Issue (i): Whether disclosure of the proposed sale of the domestic healthcare business to a promoter and other connected persons was permissible on a need to know basis and did not attract penalty.
Analysis: The information concerning the proposed sale was found to be price sensitive information, but the record showed that it was shared only with persons who were already connected with the company or otherwise required to know of the transaction. The promoter was treated as a deemed connected person and was expected to know of the transaction in view of his role and the obligations under the transaction documents. There was no finding of trading or misuse of the information by any of the persons privy to it. On these facts, the disclosure was treated as confined to the need to know category contemplated by the insider trading framework.
Conclusion: The disclosure issue was decided in favour of the appellants and the penalty on this count was held unsustainable.
Issue (ii): Whether failure to close the trading window in relation to the proposed sale justified imposition of penalty under the insider trading code.
Analysis: The trading window was admittedly not closed, but the Tribunal held that the matter had to be viewed in context.
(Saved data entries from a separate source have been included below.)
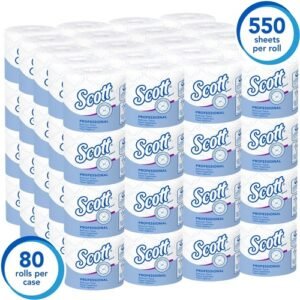 - 550 Sheets/Roll; 80 Rolls of Scott Professional Standard Roll Toilet Paper Rolls/Case; 44,000 Sheets/Case; 2-Ply; White; Individually wrapped rolls; with Elevated Design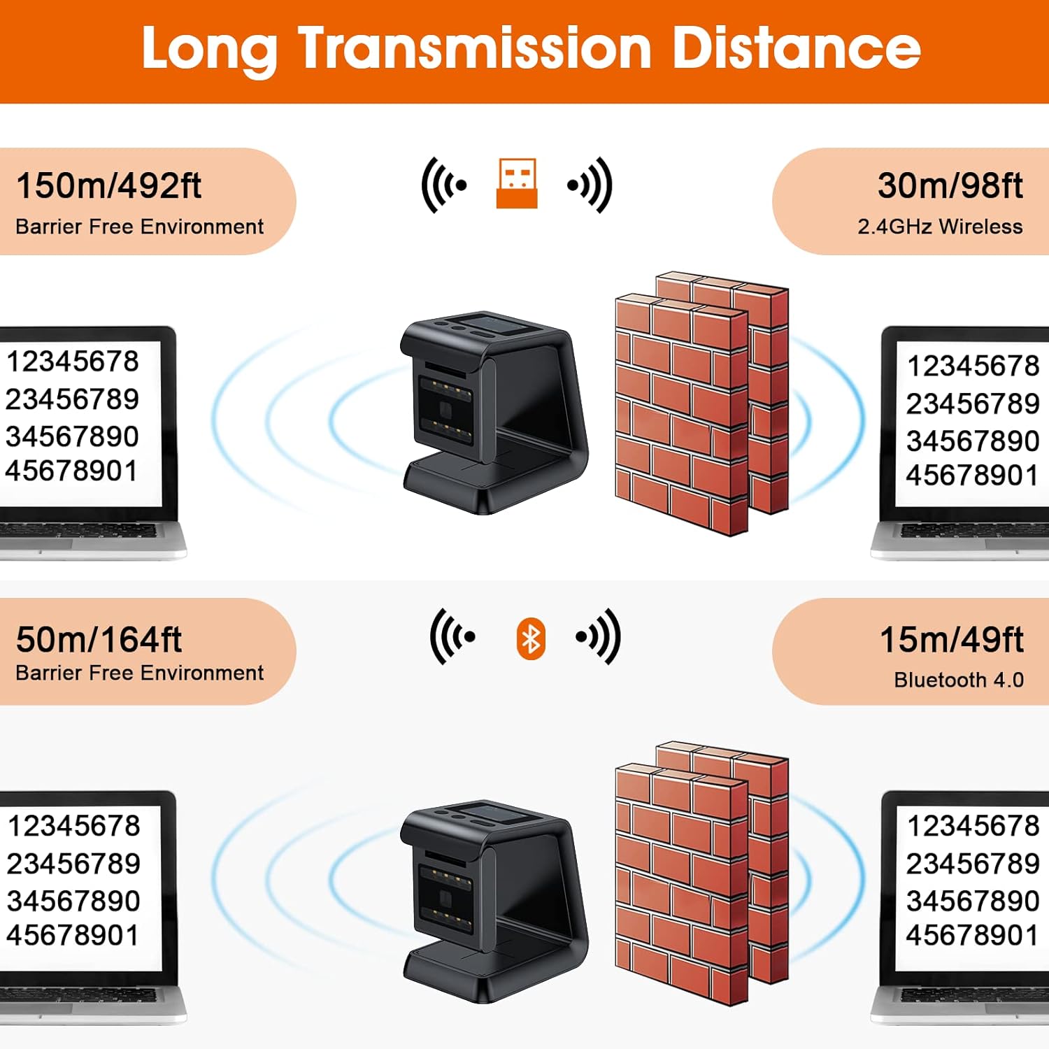 - 2.4G Wireless & Wired :Wired barcode scanner can directly place on the desk, no need to hold the scanner, release your hands, improving your efficiency. If you need to work on the move, 2.4G Wireless barcode scanner can follow you around and get the job done. Barrier-free environment 100Feet ,Barrier environments 50Feet .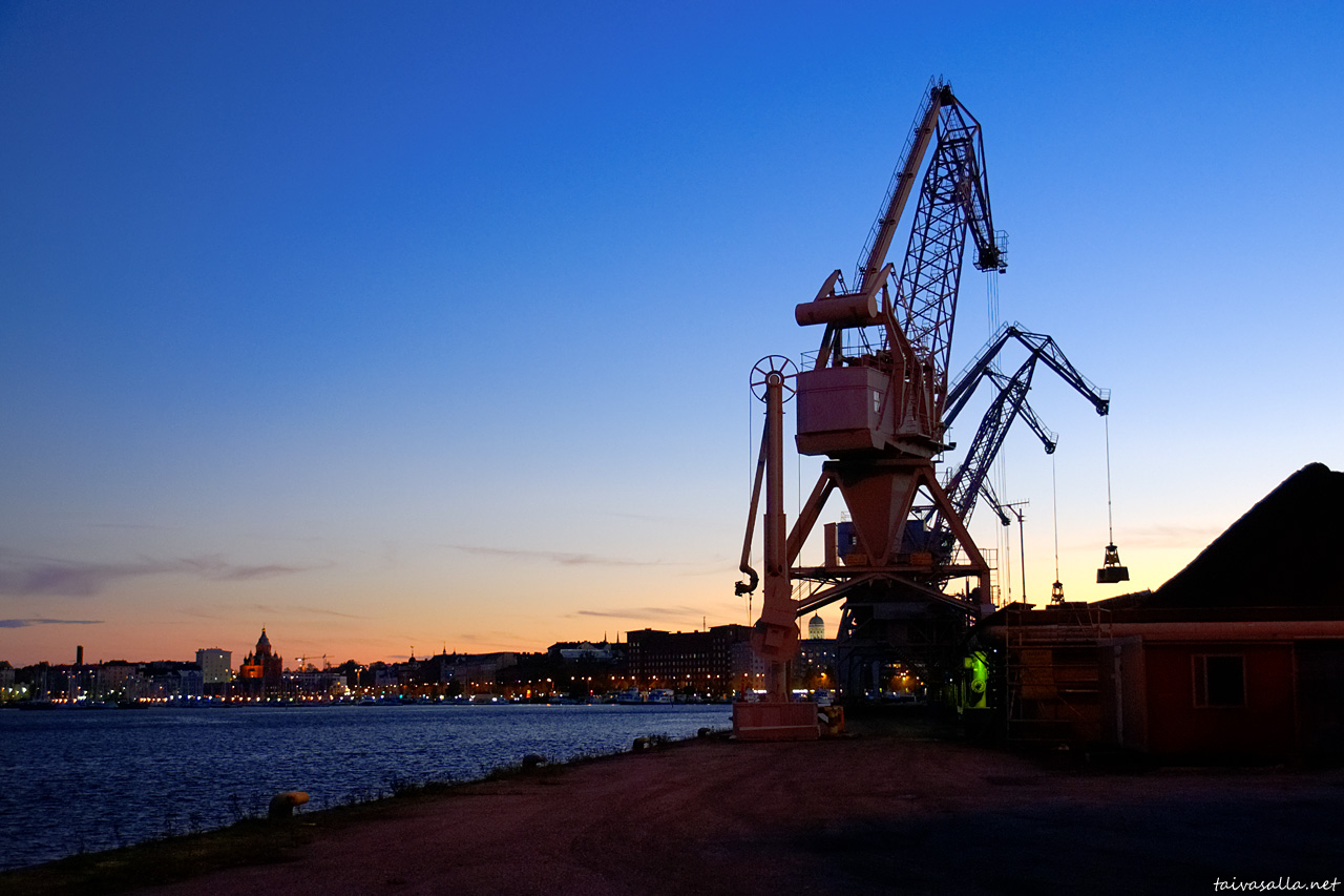 Helsinki: Hanasaaren voimalaitoksen kivihiilinosturit Hanasaaren laiturilla Sörnäisten satamassa. Kuvattu syysillan hämärissä kohti Kruununhakaa, Pohjoissatamaa ja Katajanokkaa.

The proposed sale was under confidential consideration for months, the information had been kept within a limited circle, no trading was undertaken by the persons aware of the transaction, no pre-clearance requests were received, and there was no evidence of misuse of the unpublished price sensitive information. The Tribunal held that the violation was technical in nature and that penal action was disproportionate in the absence of direct or clinching evidence of insider trading or market abuse.
Conclusion: The trading-window violation issue was decided in favour of the appellants and the penalty was set aside and converted into a warning.
Final Conclusion: The impugned penalty order was modified, the appeals were allowed, and the monetary penalties were replaced by a warning with liberty to SEBI to act in accordance with law if a similar incident occurs in future.
Ratio Decidendi: Where price sensitive information is confined to connected persons on a need to know basis and there is no evidence of trading, misuse, or market prejudice, a purely technical lapse in insider-trading compliance may not warrant penal sanction and proportionality must guide the response.